Ahora, desde que comenzamos a hablar sobre la eficiencia, aquí hay algunas ideas.

Los bucles en Python son intrínsecamente lentos, no importa lo que hagas. Por supuesto, si está utilizando pandas, también está usando numpy debajo, con todas las ventajas de rendimiento. Simplemente no los destruyas haciendo un bucle. Esto no quiere decir que las listas de Python requieren más memoria de la que pueden pensar; potencialmente mucho más de 8 bytes * length , ya que cada entero puede ser envuelto en un objeto separado y colocado en un área separada en la memoria, y señalado por un puntero de la lista.

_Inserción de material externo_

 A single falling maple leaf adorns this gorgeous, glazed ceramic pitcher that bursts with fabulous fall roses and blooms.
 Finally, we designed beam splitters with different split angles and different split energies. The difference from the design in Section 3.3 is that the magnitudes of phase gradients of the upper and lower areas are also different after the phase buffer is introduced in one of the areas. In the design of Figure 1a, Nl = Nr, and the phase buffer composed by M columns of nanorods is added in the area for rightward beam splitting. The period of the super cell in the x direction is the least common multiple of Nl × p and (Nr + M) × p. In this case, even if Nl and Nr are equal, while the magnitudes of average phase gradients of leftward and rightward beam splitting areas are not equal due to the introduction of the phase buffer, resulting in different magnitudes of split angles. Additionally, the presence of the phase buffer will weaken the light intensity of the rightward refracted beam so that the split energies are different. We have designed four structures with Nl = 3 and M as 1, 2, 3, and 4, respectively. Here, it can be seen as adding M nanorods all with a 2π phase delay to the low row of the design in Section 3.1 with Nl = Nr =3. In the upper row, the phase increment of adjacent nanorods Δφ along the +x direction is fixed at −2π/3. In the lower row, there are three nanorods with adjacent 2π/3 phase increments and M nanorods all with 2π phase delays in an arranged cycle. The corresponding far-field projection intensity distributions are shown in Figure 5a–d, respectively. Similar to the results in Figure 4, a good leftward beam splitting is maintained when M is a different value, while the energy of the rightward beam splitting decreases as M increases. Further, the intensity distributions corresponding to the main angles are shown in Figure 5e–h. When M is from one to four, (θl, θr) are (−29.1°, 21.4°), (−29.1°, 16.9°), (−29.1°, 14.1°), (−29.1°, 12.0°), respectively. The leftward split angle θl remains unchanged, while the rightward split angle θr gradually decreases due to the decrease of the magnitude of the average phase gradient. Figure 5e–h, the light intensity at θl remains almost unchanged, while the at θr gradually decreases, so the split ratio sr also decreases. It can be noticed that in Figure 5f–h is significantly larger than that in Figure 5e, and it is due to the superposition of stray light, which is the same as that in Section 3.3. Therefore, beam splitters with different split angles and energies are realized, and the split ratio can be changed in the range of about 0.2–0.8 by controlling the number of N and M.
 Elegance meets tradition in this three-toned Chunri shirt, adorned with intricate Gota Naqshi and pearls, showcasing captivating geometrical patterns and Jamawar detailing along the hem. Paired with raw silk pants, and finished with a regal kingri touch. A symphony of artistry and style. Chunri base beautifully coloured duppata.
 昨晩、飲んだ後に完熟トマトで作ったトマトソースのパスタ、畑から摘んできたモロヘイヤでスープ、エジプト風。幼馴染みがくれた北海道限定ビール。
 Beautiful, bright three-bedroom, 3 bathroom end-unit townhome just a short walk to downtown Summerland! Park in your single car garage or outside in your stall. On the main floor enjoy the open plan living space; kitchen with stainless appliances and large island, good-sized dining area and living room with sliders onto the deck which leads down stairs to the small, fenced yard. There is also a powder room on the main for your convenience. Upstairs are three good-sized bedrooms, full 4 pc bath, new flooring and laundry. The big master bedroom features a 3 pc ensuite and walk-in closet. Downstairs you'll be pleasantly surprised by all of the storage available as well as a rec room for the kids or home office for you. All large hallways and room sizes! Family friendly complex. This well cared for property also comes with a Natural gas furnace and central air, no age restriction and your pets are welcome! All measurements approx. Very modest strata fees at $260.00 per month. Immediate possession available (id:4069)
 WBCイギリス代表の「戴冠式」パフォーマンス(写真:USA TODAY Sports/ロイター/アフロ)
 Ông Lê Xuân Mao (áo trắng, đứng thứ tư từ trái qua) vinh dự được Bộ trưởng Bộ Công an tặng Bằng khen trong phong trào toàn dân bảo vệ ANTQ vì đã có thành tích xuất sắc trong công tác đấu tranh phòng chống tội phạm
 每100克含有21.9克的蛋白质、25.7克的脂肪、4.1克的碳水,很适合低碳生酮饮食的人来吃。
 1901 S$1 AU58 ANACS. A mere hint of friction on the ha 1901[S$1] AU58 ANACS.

La vectorización proporcionada por numpy debería ser suficiente SI puede encontrar alguna forma de expresar esta función sin hacer un bucle. De hecho, me pregunto si hay alguna forma de representarlo usando expresiones como A+B*C Si puede construir esta función a partir de funciones en Lapack , entonces puede incluso vencer el código ordinario de C ++ compilado con optimización.

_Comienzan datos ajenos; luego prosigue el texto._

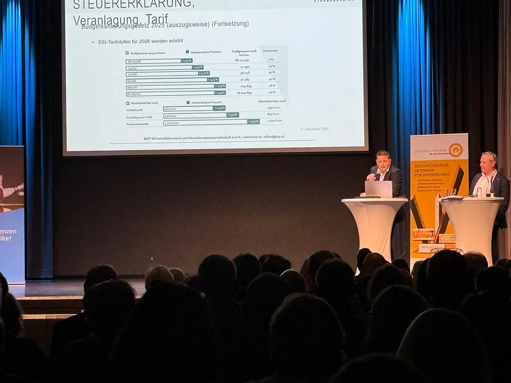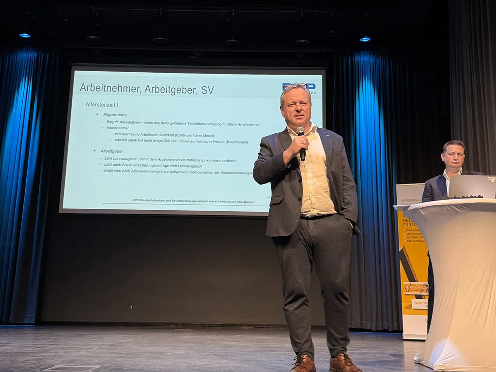 Wertvolle Tipps zum Jahresende lieferte das Team der BNP Steuerberatung. Mag. Manfred Schima und Stefan Huemer, BA informierten über aktuelle steuerliche Neuerungen und relevante Themen wie Steuererklärung, Immobilien, Teilpension oder geringfügige Beschäftigungsverhältnisse.
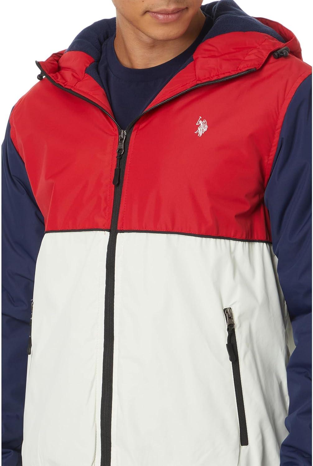U.S. POLO ASSN. Mens Uspa Americana Hooded Polar Fleece Windbreaker(Engine Red)
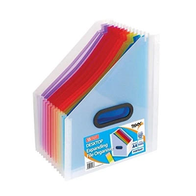 Tiger 13 part desktop expanding file organiser for A4 Keep all your work neat and easily accessible with the included coloured index tabs! A must have for the office or just at home, never lose your work again & keep on top of all your upcoming tasks. Portrait design, perfect size to fit on your desk or side at home. Approx: 33cm x 22cm
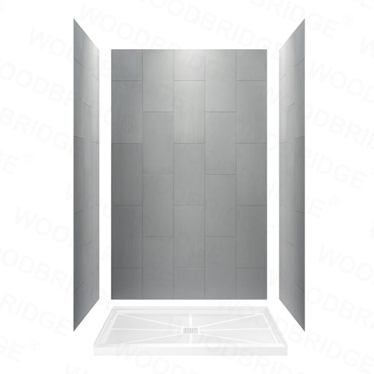 WoodBridge 48" x 36" White Solid Surface Center Drain Location Brushed Nickel Trench Cover Shower Base With MBSDC4876-B Shower Door and SWP603296-2-SU-H Matte Gray Vertical Pattern 3-Panel Shower Wall Kit
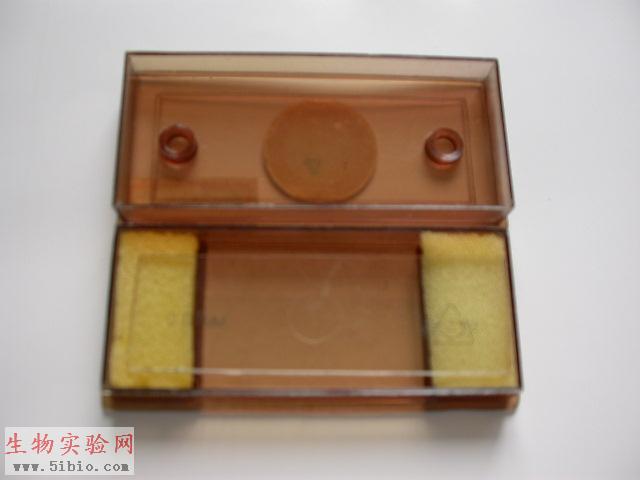 载物台上物镜测微尺刻度是用加拿大树胶和圆形盖玻片封合的。当除去松柏油时,不宜使用过多的二甲苯,以避免盖玻片下的树胶溶解。
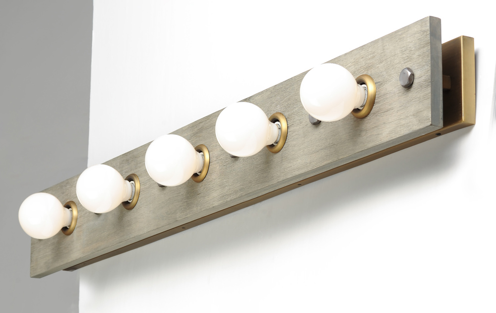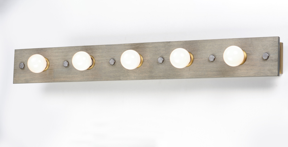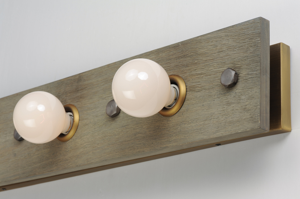 Planks of natural wood are distressed by hand and finished in Weathered Wood with Antique Brass accents, to create a rustic reclaimed look. Lacquered raw metal hex nuts provide an additional decorative element. The overall design can be changed by your cho
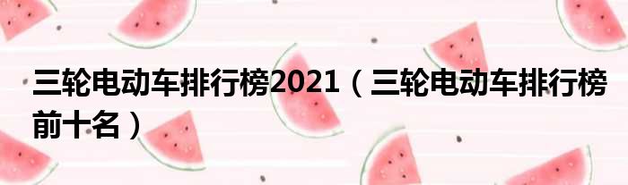 导读 大家好,今天小六子来为大家解答以下的问题,关于三轮电动车排行榜2021,三轮电动车排行榜前十名这个很多人还不知道,现在让我们一起来看看
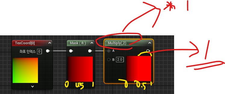 - 만약 멀티플라이 노드를 연결한다면 0.5 이후의 부분 전체가 1로 인식되며 가운데에 경계선이 생김
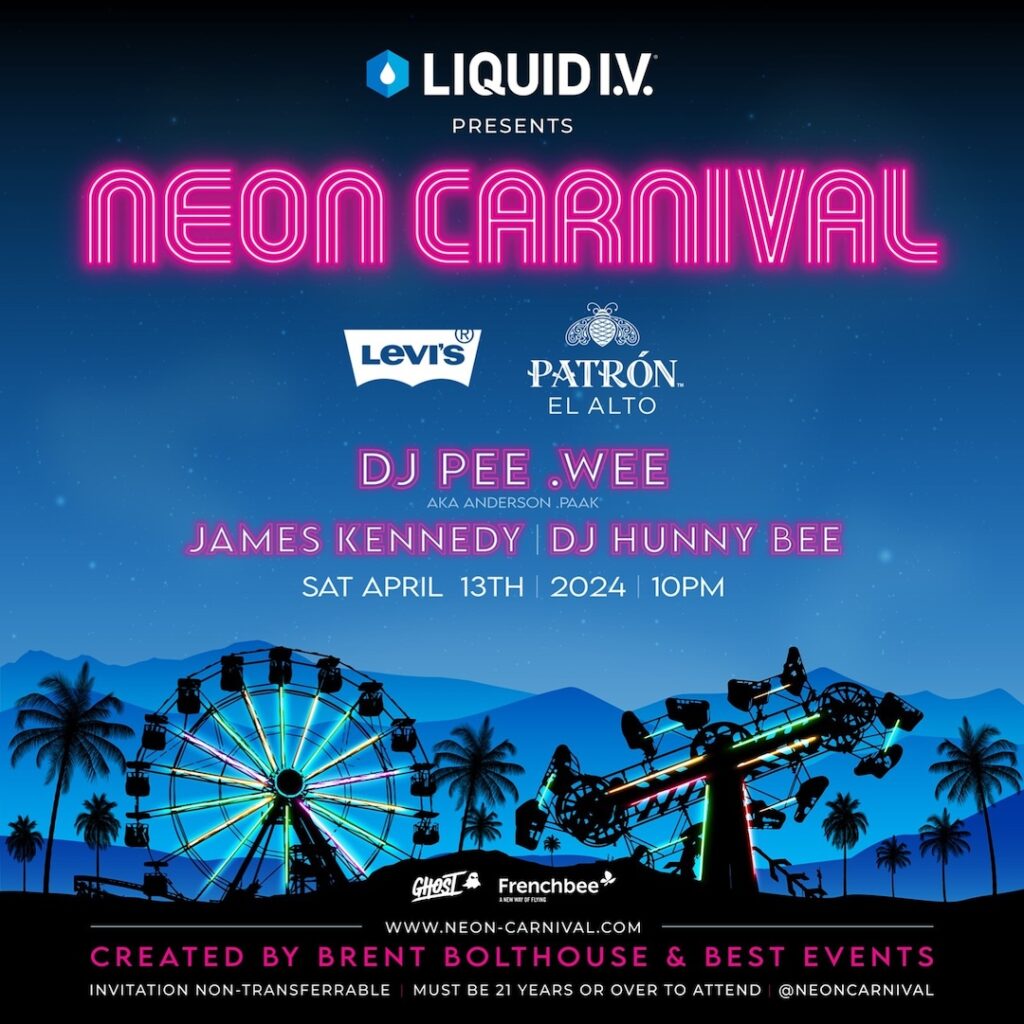 Marking its 13th anniversary, the event promises to outdo itself with electric performances, thrilling carnival games, and exclusive drink tastings. Liquid I.V., the #1 powdered hydration brand in America, and PATRÓN EL ALTO, offering handcrafted, prestige tequila, alongside the classic denim lifestyle brand Levi’s®, are ensuring this year’s Neon Carnival is more exhilarating than ever. Expect to dance under neon lights, enjoy specialty PATRÓN cocktails, and experience the debut of Liquid I.V.’s new flavors, all in one iconic night in the desert.

También puede utilizar uno de los enfoques compilados para acelerar sus bucles. Vea una solución con Numba en las matrices numpy a continuación. Otra opción es usar PyPy , aunque probablemente no puedas combinarlo adecuadamente con los pandas.

In [140]: import pandas as pd In [141]: import numpy as np In [143]: a=np.random.randint(2,size=1000000) # Try the simple approach In [147]: def simple(L): for i in range(len(L)): if L[i]==1: L[i] += L[i-1] In [148]: %time simple(L) CPU times: user 255 ms, sys: 20.8 ms, total: 275 ms Wall time: 248 ms # Just-In-Time compilation In[149]: from numba import jit @jit def faster(z): prev=0 for i in range(len(z)): cur=z[i] if cur==0: prev=0 else: prev=prev+cur z[i]=prev In [151]: %time faster(a) CPU times: user 51.9 ms, sys: 1.12 ms, total: 53 ms Wall time: 51.9 ms In [159]: list(L)==list(a) Out[159]: True

De hecho, la mayor parte del tiempo en el segundo ejemplo anterior se dedicó a la compilación Just-In-Time. En su lugar (recuerde copiar, ya que la función cambia la matriz).

b=a.copy() In [38]: %time faster(b) CPU times: user 55.1 ms, sys: 1.56 ms, total: 56.7 ms Wall time: 56.3 ms In [39]: %time faster(c) CPU times: user 10.8 ms, sys: 42 µs, total: 10.9 ms Wall time: 10.9 ms

Así que para las llamadas subsiguientes tenemos una aceleración de 25x en comparación con la versión simple. Te sugiero que leas High Performance Python si quieres saber más.